Chapter 7: Referring Expressions in Location Based Services: The case of the
7.4 The „Opposite‟ relation
7.4.3 Additional Considerations for Usage
The concepts outlined so far have failed to include a measure of the appropriateness of the inclusion of the term with respect to the observer‟s viewing distance, and object sizes. Instead they have looked to determine the most suitable candidate for the relation. However at greater viewing distances, and for smaller items, it may be harder for the observer to judge when two entities share an opposite relation and it may be necessary to restrict the inclusion of the term in a referring expression according to the percentage of the field of view occupied by the items. This approach accommodates entity scale, such that a house may be described as opposite a bakery from only close range, while a park may be described as opposite the hills from greater distances.
Additionally when a referring expression is used in a more general description of a region, and not to identify a particular target, consideration must be given to the ordering of features in the relationship. Jackendorf (1992) makes the observation that not all relationships are symmetrical, and that “the house is next to the bike” makes less sense than “the bike is next to
130 the house”. When considering the “opposite” relation it makes more sense to use the most salient feature as the reference object, such as “turn right after you see a hut opposite a lake”, whereby the viewer‟s attention should be more naturally drawn to the lake, and the decision point confirmed once the hut has been located.
7.5
Conclusions and Future Work
When constructing descriptions of a feature it is useful to include spatial prepositions to guide the user‟s attention. This is particularly relevant when forming referring expressions for use in speech based LBSs when directing the user‟s attention to items in view while exploring a city. The case of spatially „opposite‟ an entity has been considered in this chapter raising a number of observations about how it may be determined and constructed from GIS datasets for use in LBS applications.
The research has shown that to ensure meaningful descriptions it is necessary to determine whether features are visible to the user by calculating their visual exposure and establish a common reference entity to define their relationship. Here one dimensional linear, and two dimensional regional features have been examined for this purpose. Three dimensional entities have not yet been explored, but could be included in future work. They may be of particular use when constructing descriptions for features on the side of a building, such as “the window opposite the balcony“, to limit the vertical scan region.
When a number of possible candidates are found it is necessary to select the most useful by determining its saliency and recognisability, to assist in guiding the user‟s attention and minimise risk of target confusion. Factors including its visibility, distance, and the number of other similar items in the scene are considered to ascertain the best candidate. Future work should examine the weighting of these inputs, to determine the most suitable values for particular tasks.
In a wider context such definitions are useful to provide a geosemantic bridge to a future semantic web and publish the “opposite” relation in a manner that it can be used automatically. Two approaches for achieving this include, firstly, within a description of the concept “opposite” in the ontology a callout can be inserted, which links to an external web service, or secondly the nature of that function could be defined in something akin to an ontology, which is here called an epistemology.

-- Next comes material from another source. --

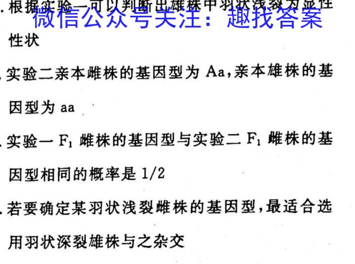 6.某雌雄异株的植物的叶片有羽状浅裂和羽状深裂两种类型,雌株叶片都是羽状浅裂,叶形由基因A、a控制。某小组做了如图所示的杂交实验。下列相关叙述正确的是PA.根据实验一可以判断出雄株中羽状浅裂为显性性状B.实验二亲本雌株的基因型为Aa,亲本雄株的基F1雌株的基因型为aaC.实验一雌株的基因型与实验二F1因型相同的概率是1/2D.若要确定某羽状浅裂雌株的基因型,最适合选用羽状深裂雄株与之杂交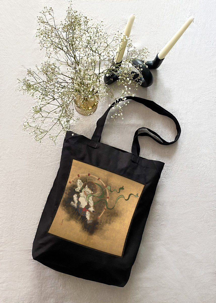 • Bawełniana torba z dużą naszywką z motywem sztuki malarskiej.

Given the first approach of calling out to an external service, a pointer in the ontology would direct the user, or software agent, to a web service that computed the opposite relation. The service would include a semantic wrapper (e.g. in OWL-S, WSDL, or WSML), defining what the service does and the type of inputs needed and outputs produced by the service, see for
131 example Bruin et al. (2008). The limitation of this approach is that the algorithm for the “opposite” relation is semantically a black box and cannot be inspected or reasoned with.
The second approach for publishing a semantically well defined “opposite” relation, involves describing the algorithm in full, that is, how it works rather than what it does. Gruber (1993) classically defines an ontology from an AI perspective as a specification of a conceptualisation. From a similar perspective, an epistemology might then be defined as a specification of functions that contribute to the concepts in the conceptualisation, that is, a specification of how we come to know what we know. This epistemology might be expressed in some kind of pseudo code or declarative language, such that any software might be able to run it, and is linked to an ontology that describes other aspects of the concepts used. The advantage of this approach over the former is that the functions are no longer black boxes, which might support new kinds of reasoning such as the comparison of epistemologies.
The models presented should be developed further through user trials, and may then be adopted as part of a wider set of defined spatial relations for use in urban LBS, and the geosemantic web.